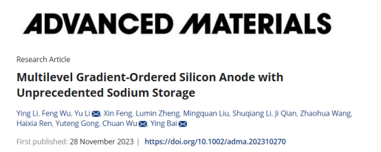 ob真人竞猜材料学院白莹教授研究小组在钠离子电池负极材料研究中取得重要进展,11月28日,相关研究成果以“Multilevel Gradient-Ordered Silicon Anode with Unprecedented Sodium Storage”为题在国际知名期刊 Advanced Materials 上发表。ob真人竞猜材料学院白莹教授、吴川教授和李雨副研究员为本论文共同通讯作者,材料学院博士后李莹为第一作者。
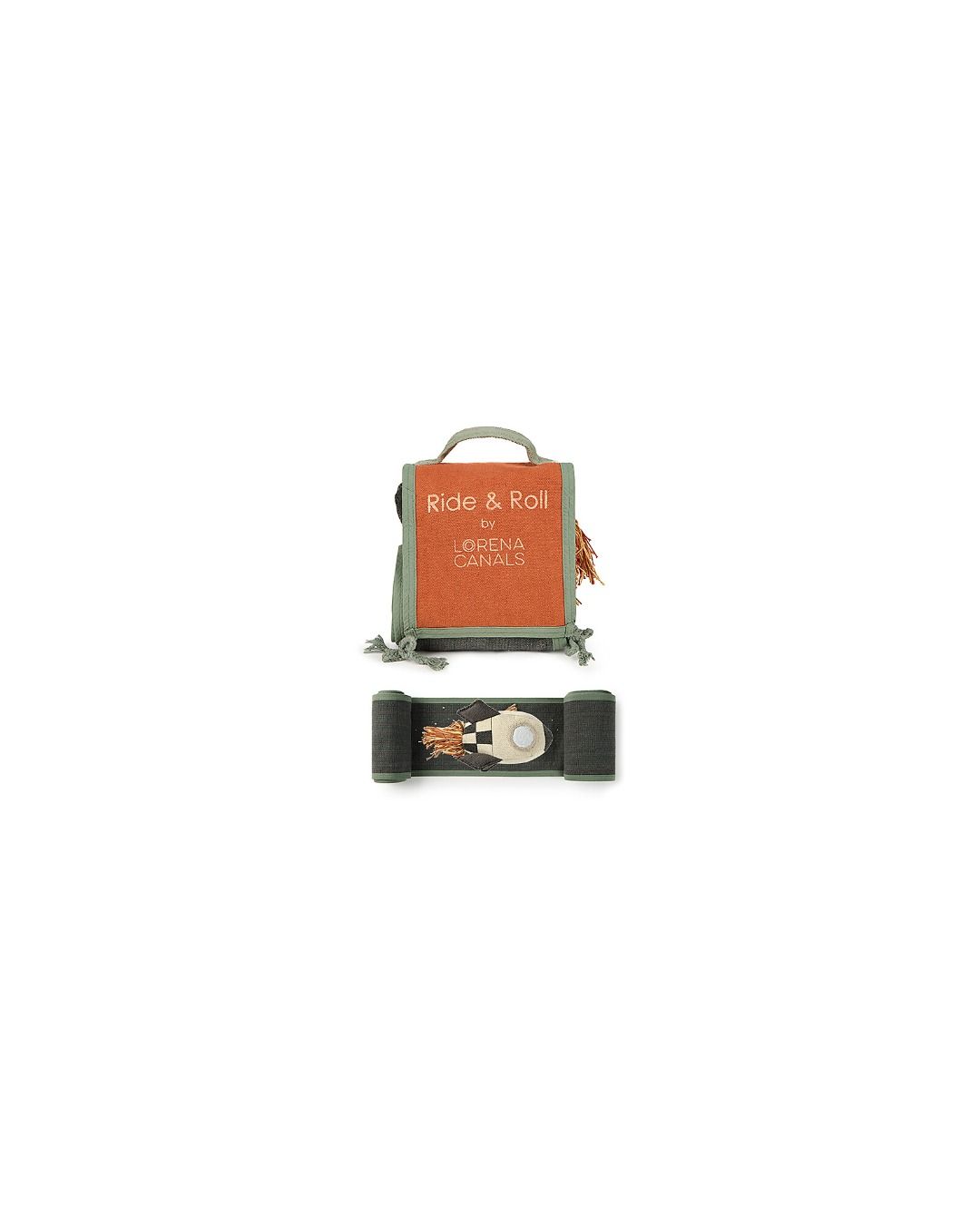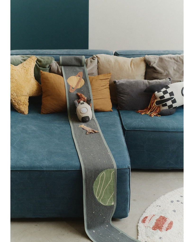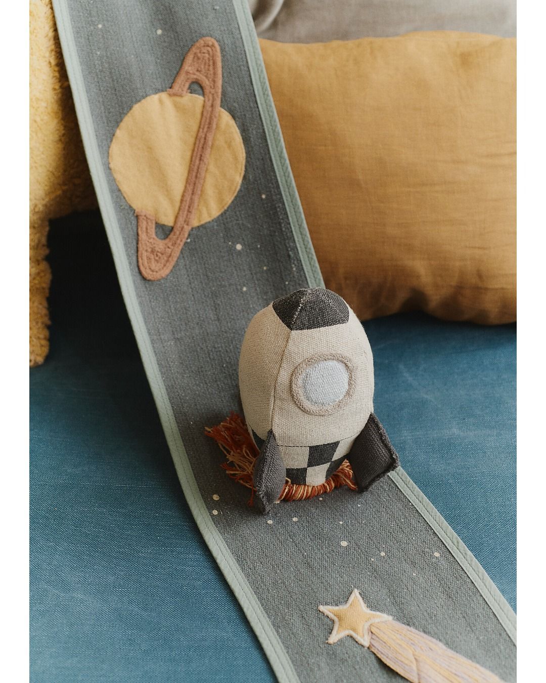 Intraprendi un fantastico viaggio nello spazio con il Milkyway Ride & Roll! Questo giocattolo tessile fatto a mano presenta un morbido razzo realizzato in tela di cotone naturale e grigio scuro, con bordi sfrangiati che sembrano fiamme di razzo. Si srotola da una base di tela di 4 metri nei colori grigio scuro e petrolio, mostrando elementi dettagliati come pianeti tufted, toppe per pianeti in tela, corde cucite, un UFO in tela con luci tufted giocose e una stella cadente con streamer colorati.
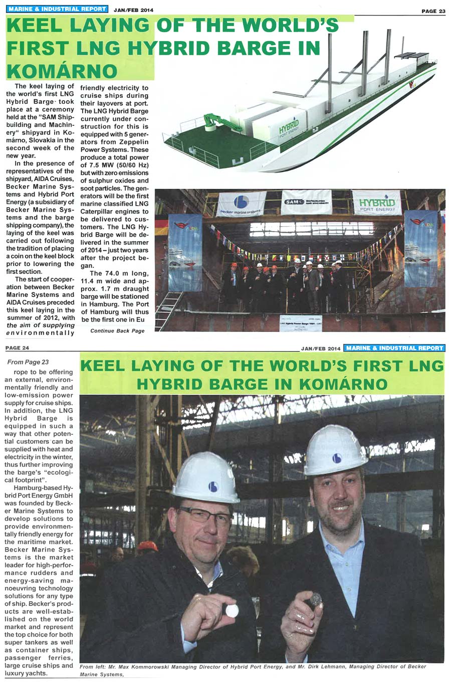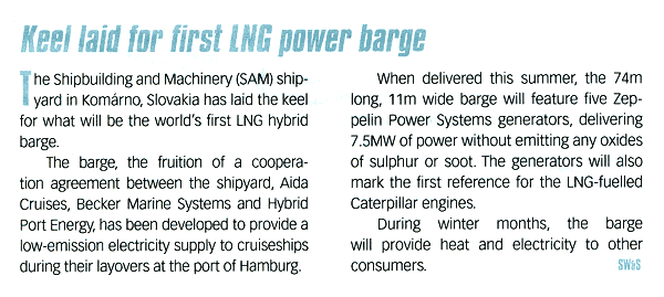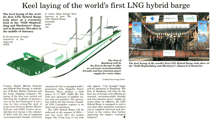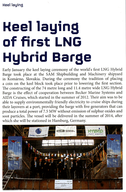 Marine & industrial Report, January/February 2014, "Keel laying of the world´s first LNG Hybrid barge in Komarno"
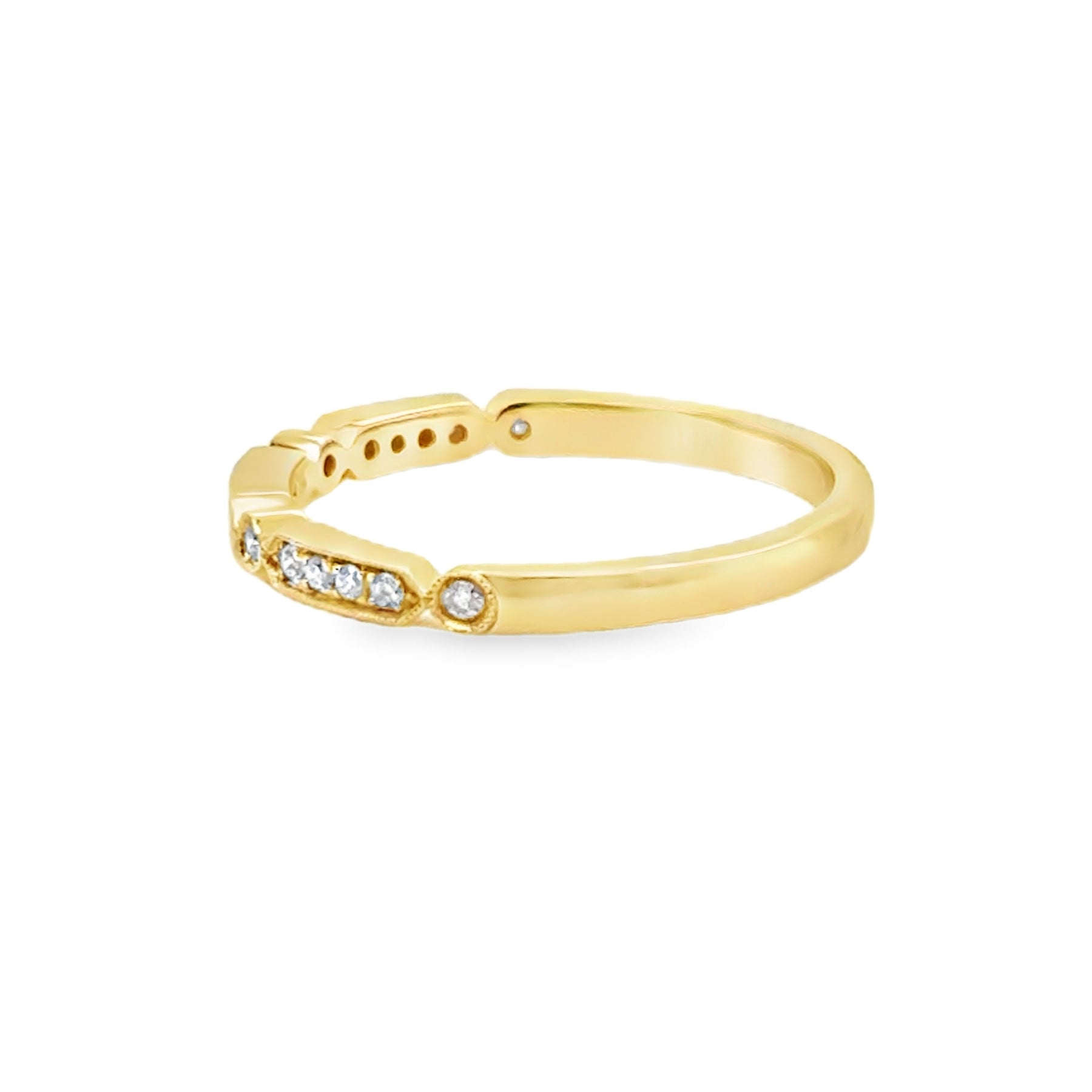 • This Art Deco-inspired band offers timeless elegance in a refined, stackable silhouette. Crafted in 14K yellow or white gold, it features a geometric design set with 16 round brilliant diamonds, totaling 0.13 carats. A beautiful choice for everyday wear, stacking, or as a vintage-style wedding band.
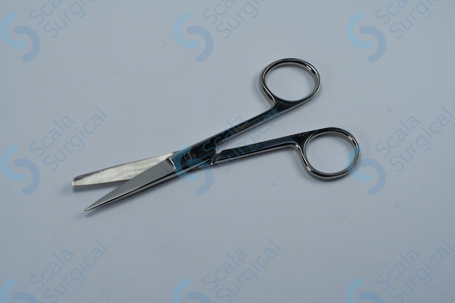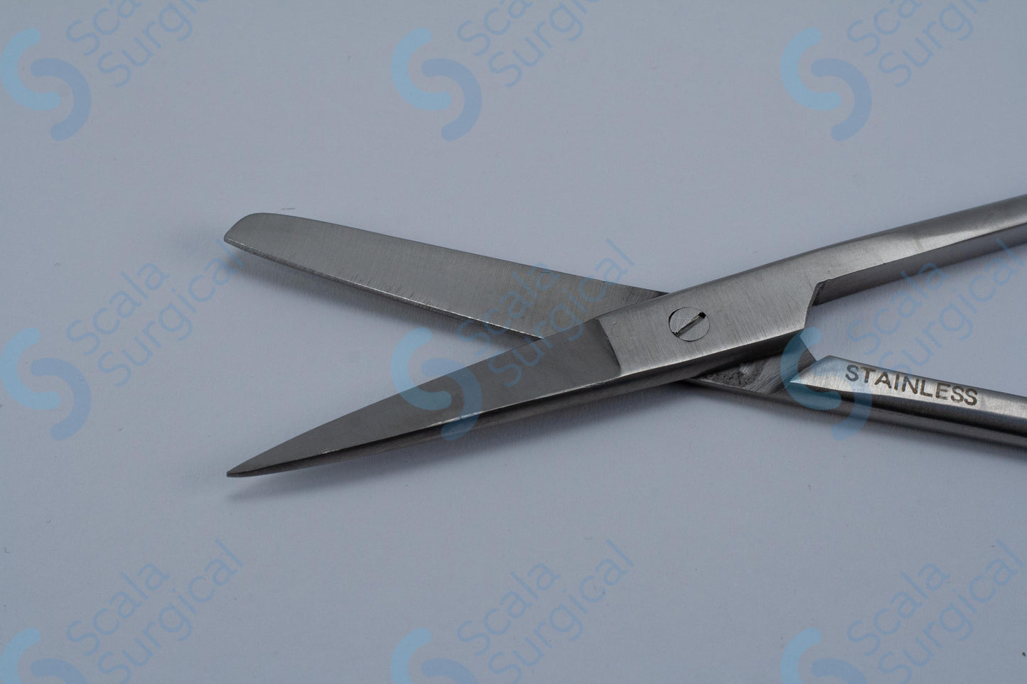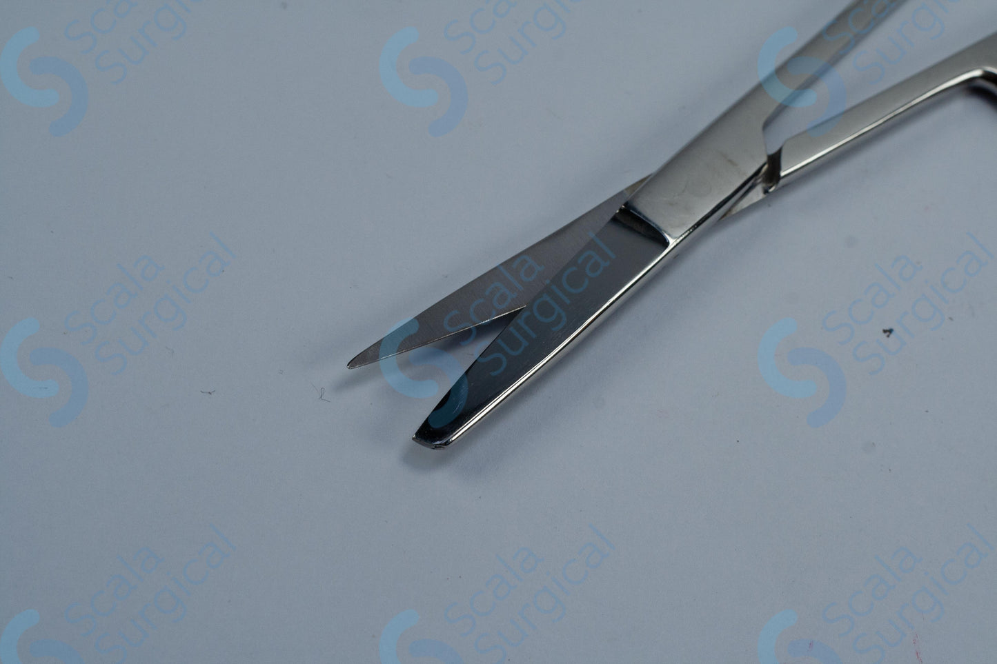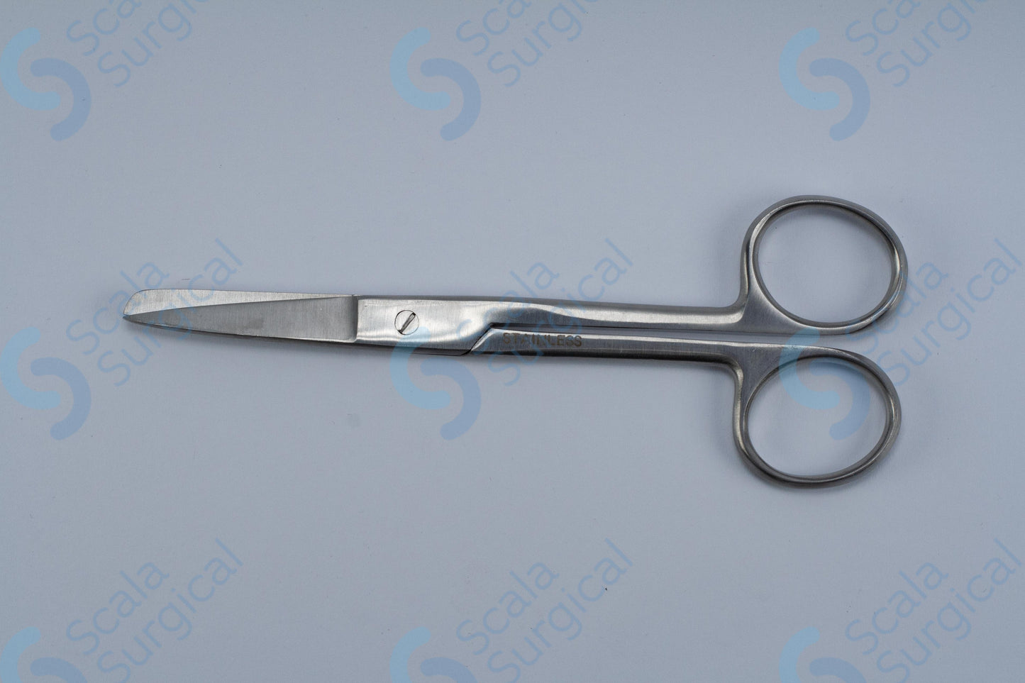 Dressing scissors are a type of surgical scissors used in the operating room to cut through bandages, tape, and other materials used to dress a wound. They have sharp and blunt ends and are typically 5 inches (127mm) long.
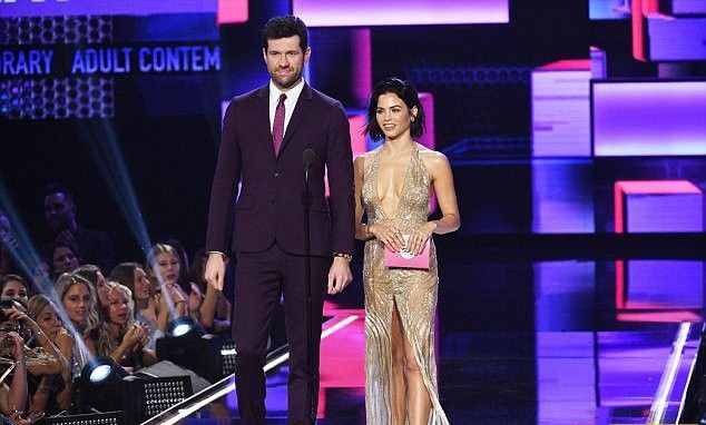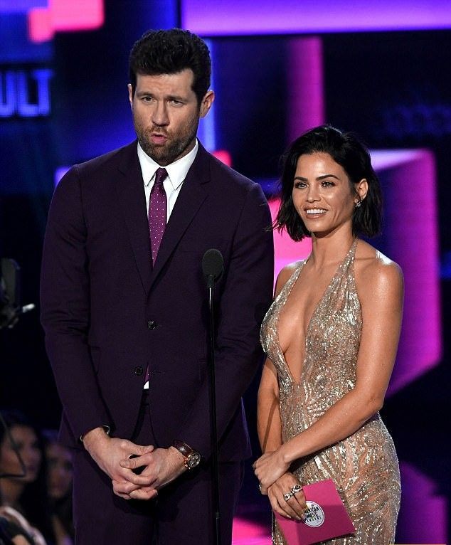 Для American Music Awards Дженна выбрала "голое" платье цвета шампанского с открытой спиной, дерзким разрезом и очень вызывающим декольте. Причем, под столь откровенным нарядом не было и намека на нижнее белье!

Work item: Give back an exact copy of only the lines from the one with "vintage-style wedding band." through the final line of the material, both included. Pictures do not belong in it.

Solution:
 • This Art Deco-inspired band offers timeless elegance in a refined, stackable silhouette. Crafted in 14K yellow or white gold, it features a geometric design set with 16 round brilliant diamonds, totaling 0.13 carats. A beautiful choice for everyday wear, stacking, or as a vintage-style wedding band.
 Dressing scissors are a type of surgical scissors used in the operating room to cut through bandages, tape, and other materials used to dress a wound. They have sharp and blunt ends and are typically 5 inches (127mm) long.
 Для American Music Awards Дженна выбрала "голое" платье цвета шампанского с открытой спиной, дерзким разрезом и очень вызывающим декольте. Причем, под столь откровенным нарядом не было и намека на нижнее белье!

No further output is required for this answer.